5.1 【ケース1】すでに年金を受け取っており、新たに対象になった方(うす緑色の封筒)

毎年9月上旬頃から順次、対象者の方へ「年金生活者支援給付金請求書(はがき型)」が入った「うす緑色の封筒」が届きます。

これは新たに対象となった可能性を知らせる重要な通知ですので、9月上旬から郵送されるこの時期の郵便物は特に注意して確認しましょう。

手続きは、必要事項を記入し、同封されている個人情報保護用の目隠しシールを貼ってポストに投函するだけで完了します。

5.2 【ケース2】これから65歳になり、年金を受け取り始める方(緑色の封筒)

65歳になる3カ月前に送付される「年金請求書(事前送付用)」の「緑色の封筒」の中に、給付金の請求書が同封されています。

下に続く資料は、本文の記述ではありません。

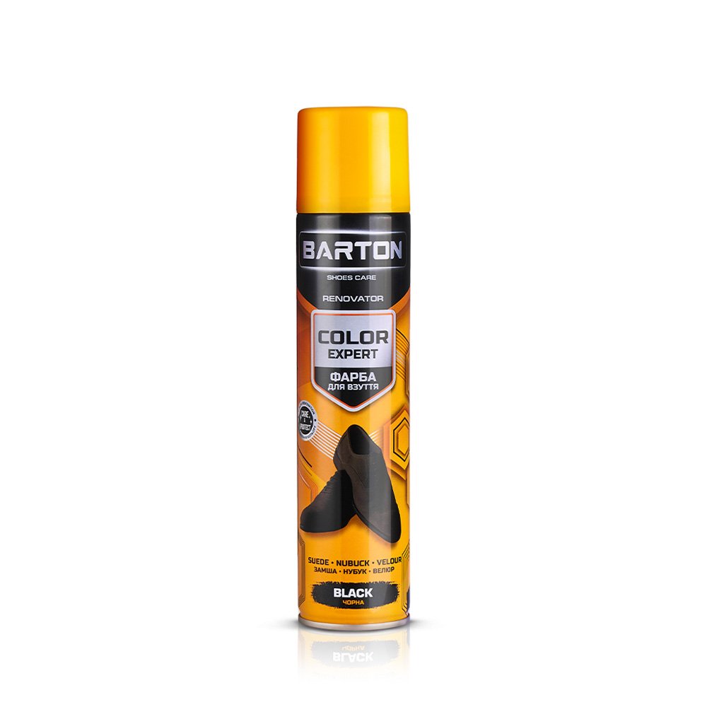 Опис Фарба для взуття з замші, нубуку, велюру Barton Color Expert чорна (аерозоль) 300 мл

必要事項を記入したうえで、年金受給を開始する誕生日の前日以降に年金事務所へ提出してください。

5.3 【ケース3】老齢基礎年金を繰上げ受給している方(うすだいだい色の封筒)

65歳になる誕生月の初旬に、はがき型の請求書が「うすだいだい色の封筒」で届きます。ケース1と同様に、記入してポストへ投函すれば手続きは完了です。

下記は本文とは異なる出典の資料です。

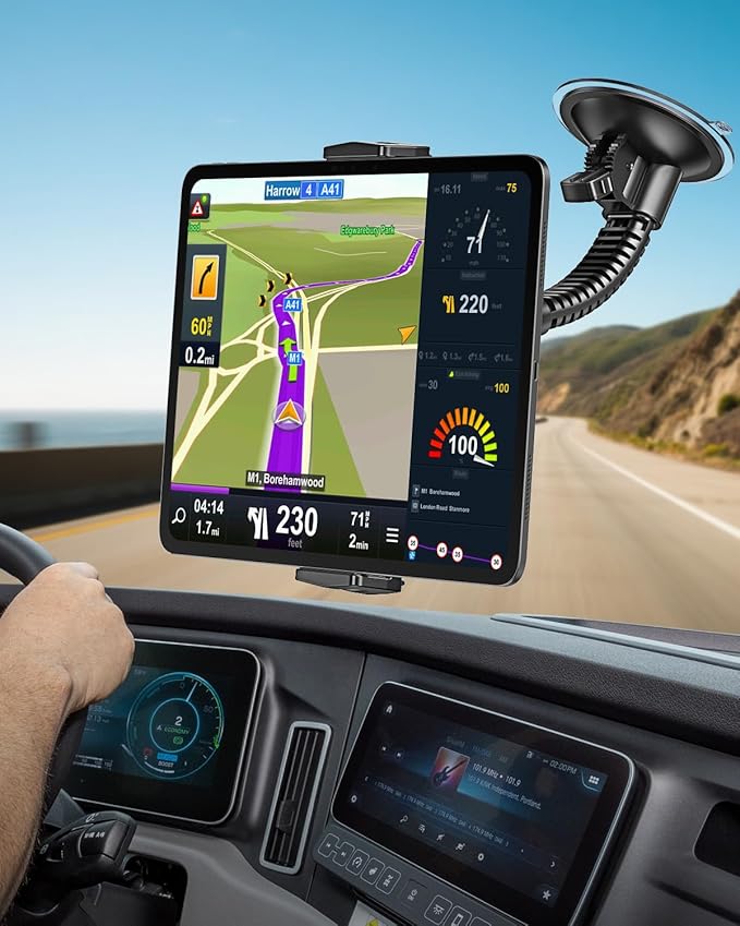 - Superior Suction for Maximum Stability: Featuring a 4.33" extra-large suction cup and a ratcheting pressure lock, this heavy-duty suction cup tablet mount secures firmly to your windshield, keeping your device steady through rough roads and sudden stops

2026年8月から、日本年金機構より「公金受取口座登録の意向確認書」が年金受給中の方に順次発送されています。詳しくはこちらの記事をご覧ください。

【年金】8月から送付開始「意向確認書」の簡易書留《届く人・届かない人》の条件とは?公金受取口座の登録手続きと注意点を解説
【年金】8月から送付開始「意向確認書」の簡易書留《届く人・届かない人》の条件とは?公金受取口座の登録手続きと注意点を解説

6. 監修者からのコメント

熊谷 良子

老齢年金生活者支援給付金は、年金額の基準だけでなく「世帯全員が住民税非課税であること」という条件が意外な壁になりがちです。

同居する家族に課税されている方が一人でもいれば対象外となるため、「年金額から考えて自分は要件を満たしているはず」と思い込むのは禁物です。

実際の判定は毎年の課税状況で変わることもあるため、不明な点は年金事務所などに確認しておくと安心です。

特にご同居される家族の就労状況が変わった場合は要注意です。